"Oh, they come over all right," sighed Pellams from the piano. "I had a report to make one day. I didn't have it done, and I bribed Ted to go down and tell Engbee I was sick in bed. I was playing cards in here when Sniffles rushed in and told me the old boy was coming up the street. I smelt danger and tumbled into bed like a six-day bicyclist, and fixed my face up with some grease paint and magnesia. Sure enough, he came in, darkly suspicious, thought he had me all right, but he found a wreck that melted him. His wife sent me a bunch of violets next morning. For my part I don't like the Faculty for intimate friends," and Pellams played "Comrades" with the soft pedal down.

"It's not the same thing, though, really," persisted Shirlock. "They may come over here to dinner or perhaps to a smoker, but it's always Professor So-and-So; his chair is a little higher than any of yours, and he never forgets the family waiting for him in the Row; in those first days the family was in most cases beyond the Rockies, or as yet a dream, and it wasn't always easy to pick out the professor from the jumble of story-tellers on the bed.

"Of course, it was all too good to last," the alumnus went on thoughtfully, "and it wasn't natural it should. We weren't so many then. When the number increased, I suppose the relations had to change and the different cliques must separate. I'll admit that there is more in the life now, it's more complex, there are more institutions and more ways of having joy; but those were good old days, those first days in Encina when the crowd was one.

"I can see them now, can't you, Harry? out on the veranda and the steps of the Hall after dinner, with the fellows playing ball on the lawn, and other men sitting up on their window-ledges. The night I started to tell you about, when we went to serenade Mr. and Mrs. Stanford, we got the mandolin fellows, the beginning of your present club, and fell in behind them and started off down the road, past the mausoleum and through the vineyard—never broke ranks there, either, we were on our good behavior, besides, it was Spring—and so on over to the house, where we drew up, and the mandolins played their piece, then we gave the yell—it was only a few months old, that yell, but it had been loud enough to knock out a twenty-five-year-old one we met up in town not long before, and we were proud of it.
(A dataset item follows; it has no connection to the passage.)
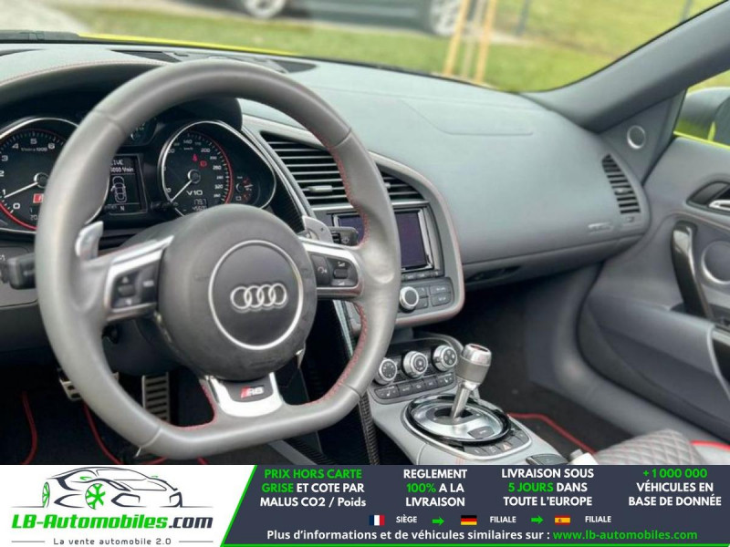 Référence : 1189880 Vos Avantages chez LB-AUTOMOBILES.com / Prix affiché TTC Livré hors carte grise / Livraison sous 10 jours dans toute la France hors 31 / Pas d?avance de frais paiement du véhicule 100% à la livraison par virement. Audi R8 Neuf remisée, Audi R8 Occasion Toulouse Beaupuy 31850, Audi R8 Véhicule sorti de réseau collaborateur, Audi R8 import, Audi R8 importateur, Audi R8 Livraison possible dans toute la France sous 5 jours, Audi R8, Audi R8 Location Option Achat, Audi R8 LLD, Audi R8 Longue Durée, Audi R8 TVA récupérable. Possibilité d'extension de garantie 12, 24,36 mois, Pour tout autres voitures import neufs ou occasions collaborateur fortement remisée, Mandataire Audi, Mandataire BMW, Mandataire Volkswagen, Mandataire Mercedes, Mandataire Peugeot Espagne, Mandataire Renault Espagne, Porsche import, Mandataire Citroën Espagne, Mandataire Seat Espagne, n'hésitez pas à nous contacter. « Sous réserve de vente préalable et erreur de saisie » Principaux équipements : - 4x4 - ABS - Accoudoir - Antidémarrage - Bluetooth - Boîte de vitesses robotisée - Capteur de pluie - Carnet d'entretien - Contrôle de la pression des pneus - Direction assistée - ESP - Fermeture centralisée - Feux de jour - GPS - Hayon électrique - Isofix - Jantes alliage - Kit de préparation pour système de navigation - Kit mains libres - Ordinateur de bord - Pack sport - Phares LED - Pneus été - Point Isofix siège passager - Port USB - Réglage électrique des sièges - Régulateur de vitesse - Rétroviseur extérieur électrique - Rétroviseur intérieur anti-éblouissement automatique - Révision complète - Sièges chauffants - Sièges sport - Suspension sport - Système antipatinage - Système d'alarme - Système de limitation de la vitesse - Système de nettoyage des phares - Système de sonorisation - Tuner/radio - Véhicule non-fumeur - Vitres électriques - Vitres teintées - Volant multifonction

"During the pause that followed, the front door opened and the Senator stepped out on the porch; a lamp shone on his gray head and on us fellows in a big black crowd on the gravel below, looking up at him and cheering. When we stopped he said, very much as though a friend had driven up, "Gentlemen, will you come in?" and the whole two hundred of us piled over the piazza, getting a grasp of his hand as we came into the hall, and a word from Mrs. Stanford, who stood beside him. They took us into the library; we formed a hollow square, two rows deep on the sides, and the Founders came into the square and talked to us. I remember that Mrs. Stanford said, 'We were very glad, young gentlemen, to hear of your success in baseball,' and what a chill it gave us, just convalescing from the football fever; but we forgave the mistake when she asked, a minute later, 'Which is Mr. Clemans?' That blushing hero with the other ten we forced into the center to be congratulated, and we sang the new song, 'Rush the Ball Along,' until the bric-à-brac trembled.

"When we were quiet again, the Senator talked to us informally, as though we were in reality his children as he had said we were to be. It was an earnest talk, about his ideals of what the University was yet to be, and his hope for their fulfillment; of economy and judicious living; and of endeavor to be of use to the world. It was a privilege to stand there listening. He appealed to each one of us individually. We could not know then how few more such opportunities we were to have. When he had finished, the dining-room doors slid back—it was a put-up job, that serenade—and it was Mrs. Stanford's turn. After the supper, we gathered for a little personal talk with both of them, then we had some more mandolin music, and Baker sang 'Suwanee River' to Capron's accompaniment.

"That evening brought the Founders pretty close to the crowd. It was a good thing to have happen, it began things right. Then, you know, he died suddenly, in vacation. I was in Yosemite. When term opened, it was hard to get used to seeing her driving around the campus alone. I don't think any of the people who came after those early days can ever be so loyal to the Founders, to the person of one and the memory of the other, as we are. I'm sure none of us who went over serenading that night will ever forget it. It's one of the Pioneer memories."

Both graduates were looking into the fire. Freshman Haviland snored softly in the window seat. The eyes of the rest of the chapter were fastened on the chafing-dish. Shirlock's story had seemed pretty long and the rarebit sent out a tantalizing odor.

Duncan called out, "Supper's ready, children," and the heated plates came clattering up from the hearth, bringing the visitors back from the far echoes of their own beginnings to the noisy unconcern of a Freshman year that knew a kind, white-bearded face from pictures only, and never could understand.